Exhibition ‘Gerhard Richter – Beirut’

Beirut Art Center has the pleasure to invite you to the opening of the exhibition in the presence of the artist:
Gerhard Richter – Beirut.

Opening reception: Thursday April 26, from 6 pm to 9 pm
The exhibition will be on view until June 16, 2012
For more information please visit : www.beirutartcenter.org


Beirut Art Center is proud to present a solo exhibition by the acclaimed German artist Gerhard Richter. The exhibition, Gerhard Richter – Beirut, is organized in collaboration with Achim Borchardt-Hume, a German-born curator and art historian based in London, and has been developed in close dialogue with the artist.

Gerhard Richter – Beirut presents a significant number of overpainted photographs, together with a selection of editions after some of Richter’s most iconic paintings.
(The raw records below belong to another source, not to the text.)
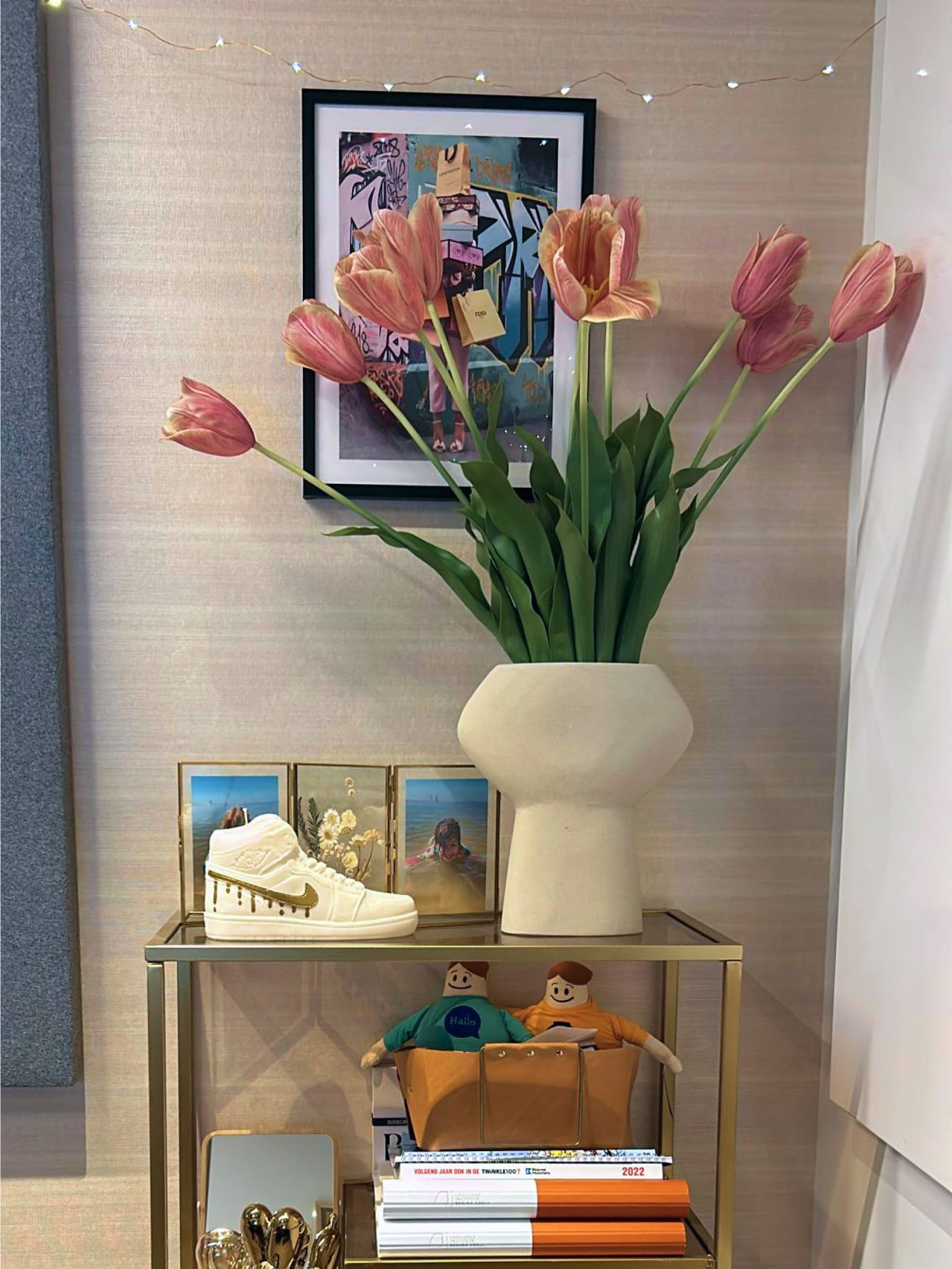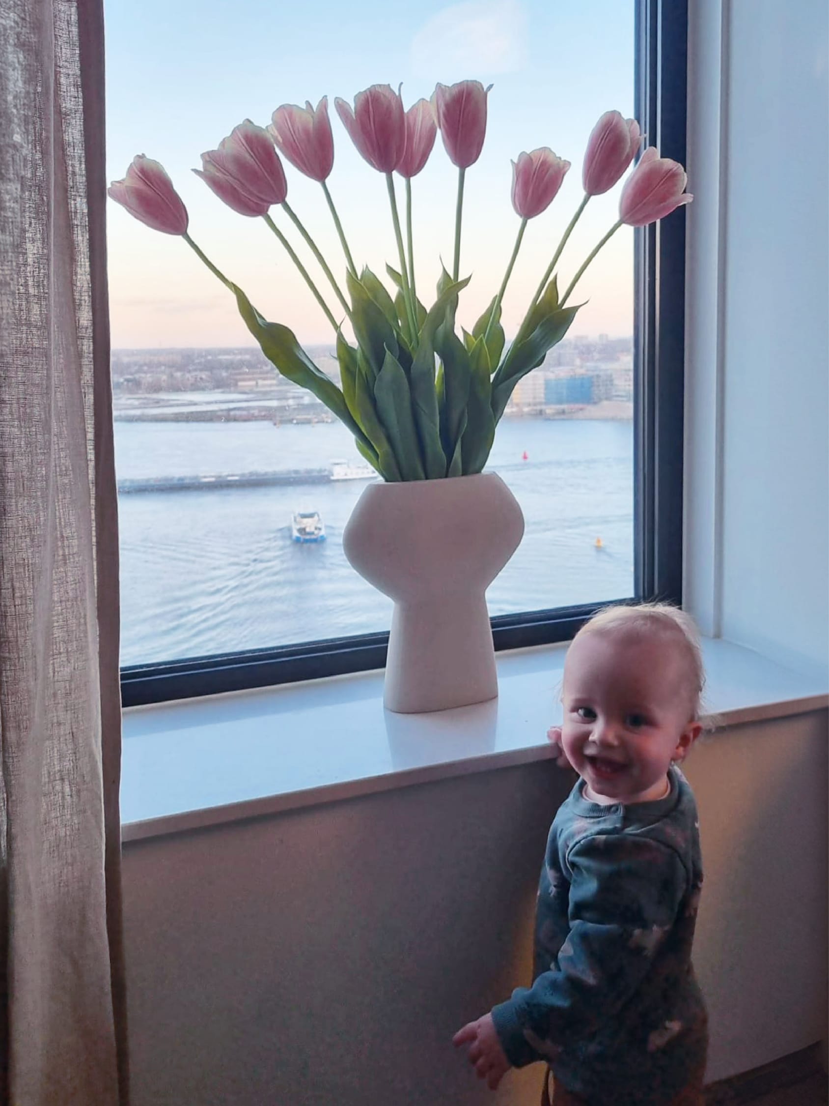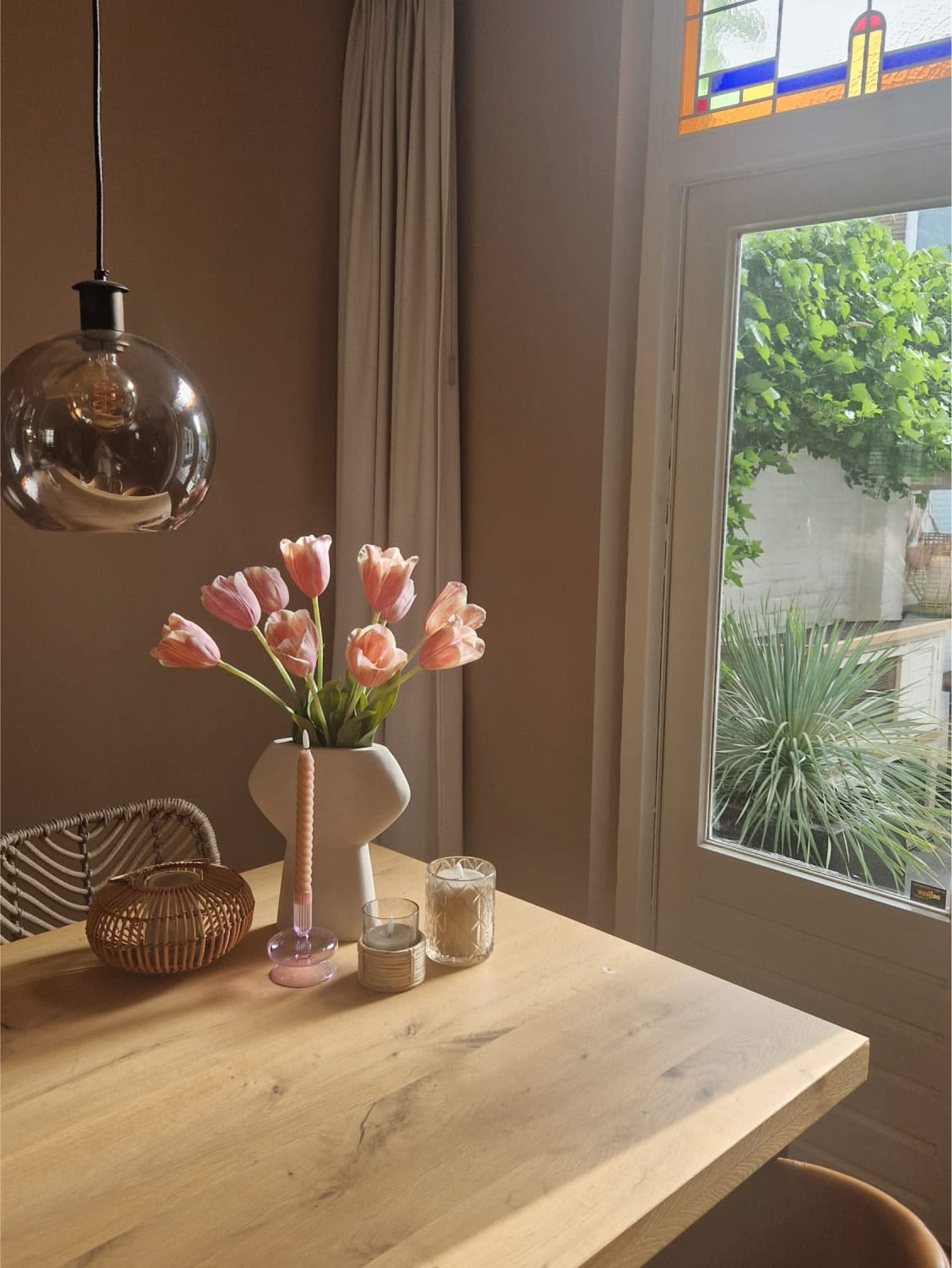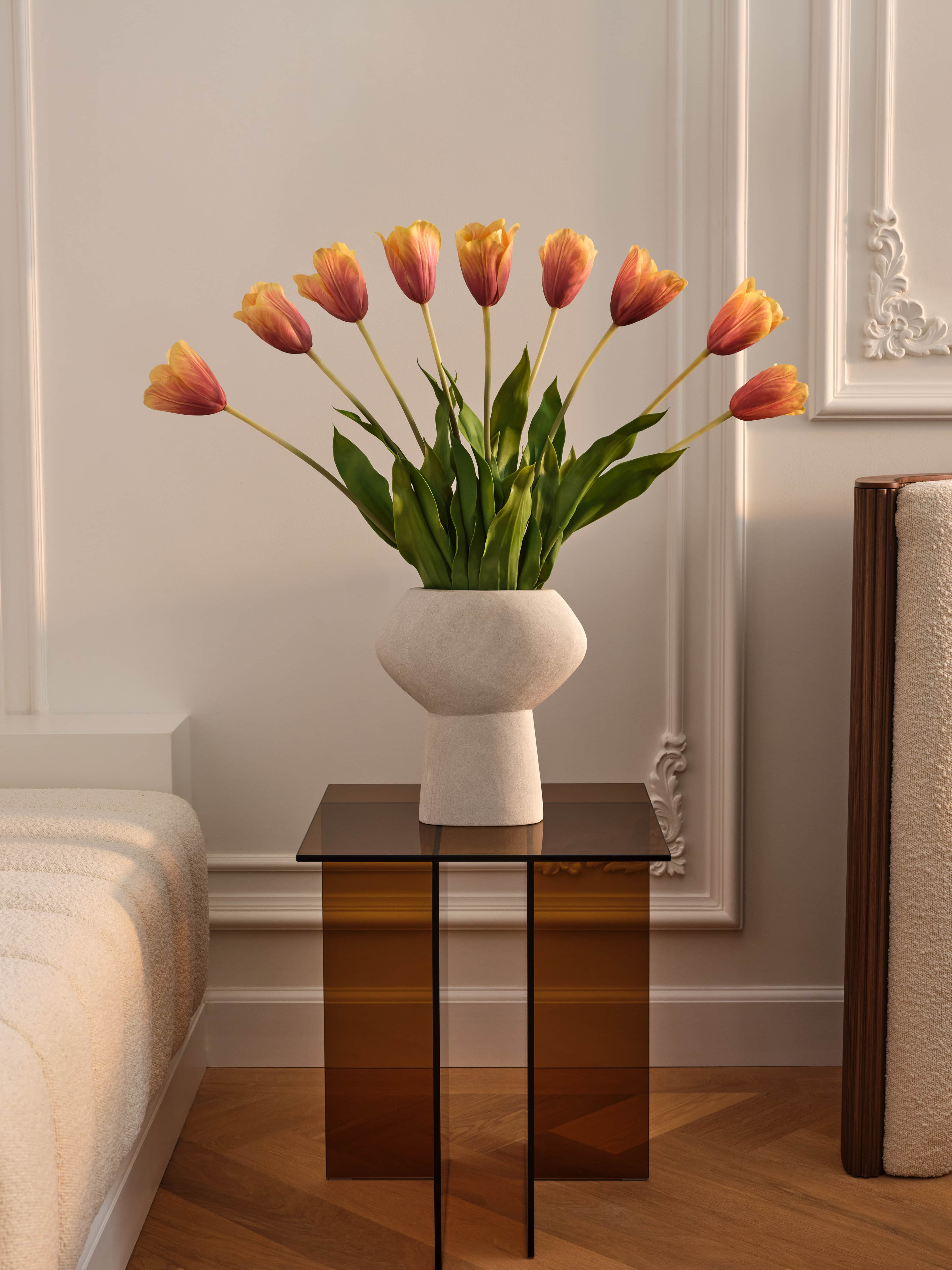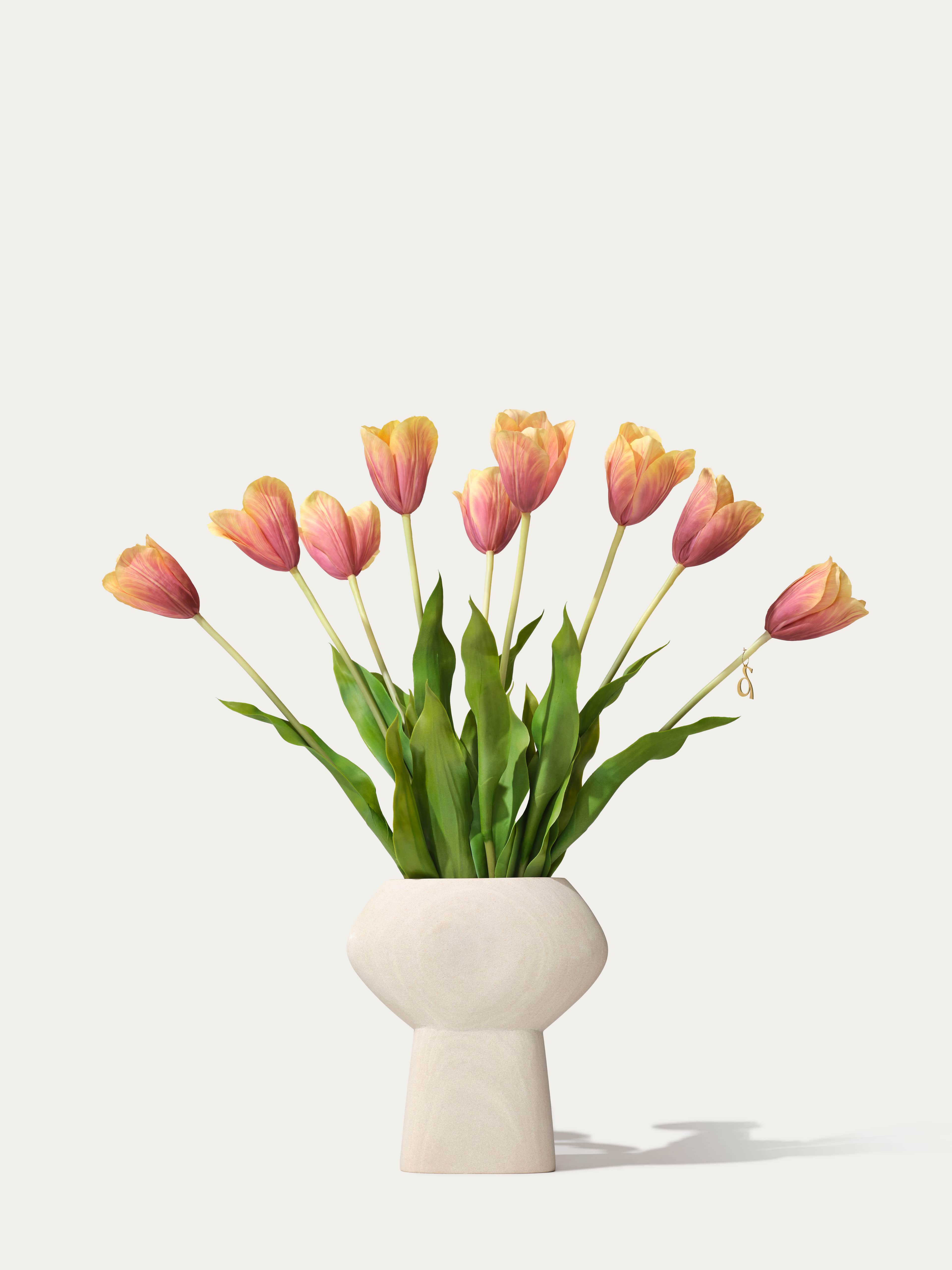 In hun prachtige vaas lijken deze blush tulpen rechtstreeks uit een Hollands meesterwerk te komen. Het is alsof je je eigen zijden stukje van de Gouden Eeuw in huis haalt met dit boeket - geen kunstgeschiedenis diploma vereist.
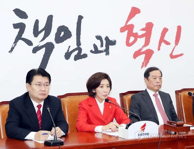 자유한국당 나경원 원내대표가 17일 국회에서 열린 비상대책위원회 회의에서 발언하고 있다.
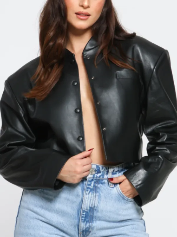 Niki affirme une silhouette graphique et féminine, à la fois urbaine et sophistiquée. Cette veste courte en cuir lisse noir, incarne une élégance discrète inspirée des années 90, avec des épaules marquées, une taille cintrée et une élégance radicale.
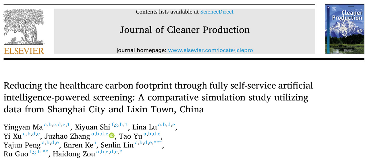 近日,同济大学环境科学与工程学院郭茹教授团队与上海眼病防治中心院长邹海东教授团队在《Journal of Cleaner Production》(中科院1区Top期刊,JCR Q1,IF2025=10.0)发表重要研究,聚焦医疗健康场景中的碳排放问题:在保障健康收益的前提下,如何通过数字化与人工智能实现医疗服务“降碳增效”? 该研究依托我院碳核算与评价优势,联合医疗团队形成跨学科合作,为碳中和背景下的“健康-环境”协同治理提供了可量化证据与可复制方法。

Richter’s overpainted photographs are small-scale works produced by smearing paint onto the surface of photographs he keeps in his studio. The artist first made use of this technique in the 1980s when he began to put paint left over on the large spatulas, or squeegees he uses to make his abstract paintings, onto a seemingly random selection of photographs. The process directly connects the photographic images, which are mostly snapshots taken by Richter himself, with his paintings. This act places the two media in dialogue, and is a subversion of dogmatic categories – painting and photography, abstraction and figuration – that is a key feature of Richter’s work. The exhibition includes his single largest body of overpainted photographs to date, Museum Visit (2011). The photographs were taken in and around Tate Modern and its Turbine Hall in the run-up to his major 2011 retrospective, Panorama, at the museum. Ordered into a cinematic sequence, the photographic tour documents a visit to one of the world’s most popular museums, leading Richter to reflect on the encounter between art and a mass audience at the beginning of the twenty-first century.

Gerhard Richter’s editions are photographs taken of his paintings, a process he began to employ early in his career. In 1978 he took 128 photographs of his small abstract painting, Halifax (1978), each from a different angle, distance and under varying light conditions, amounting to what resembles a scientific study of the surface of the painting. The resulting work, 128 Details from a Picture (Halifax 1978), is presented in the exhibition along with editions of some of Richter’s most famous works, such as Betty, Mustang Squadron and Eight Student Nurses. Editions are an important part of the artist’s practice: by taking photographs of his own paintings, Richter underlines his rejection of hierarchy between the two media, placing the two in equal consideration without downplaying their differences.

In War Cut, Richter uses the same process of photographing one of his paintings, and presents 216 details of Abstract Painting (1987) in dialogue with press coverage of the 2003 invasion of Iraq. The edition premiering at Beirut Art Center is an English language version using excerpts from The New York Times, and was made specifically for the exhibition.

Throughout his career, Richter has queried the nature and production of images, from their sources to their relationship with history, and as media. From snapshots of intimate moments to images gleaned from the media, he connects the personal and mundane aspects of private life with the grand flow of history and dramatic events that belong to the collective memory. Although very much grounded in the context of Germany, from the aftermath of the Second World War until the present day, the significance of his work extends far beyond these geographical and historical confines. Richter’s method for translating history resonates in a country like Lebanon.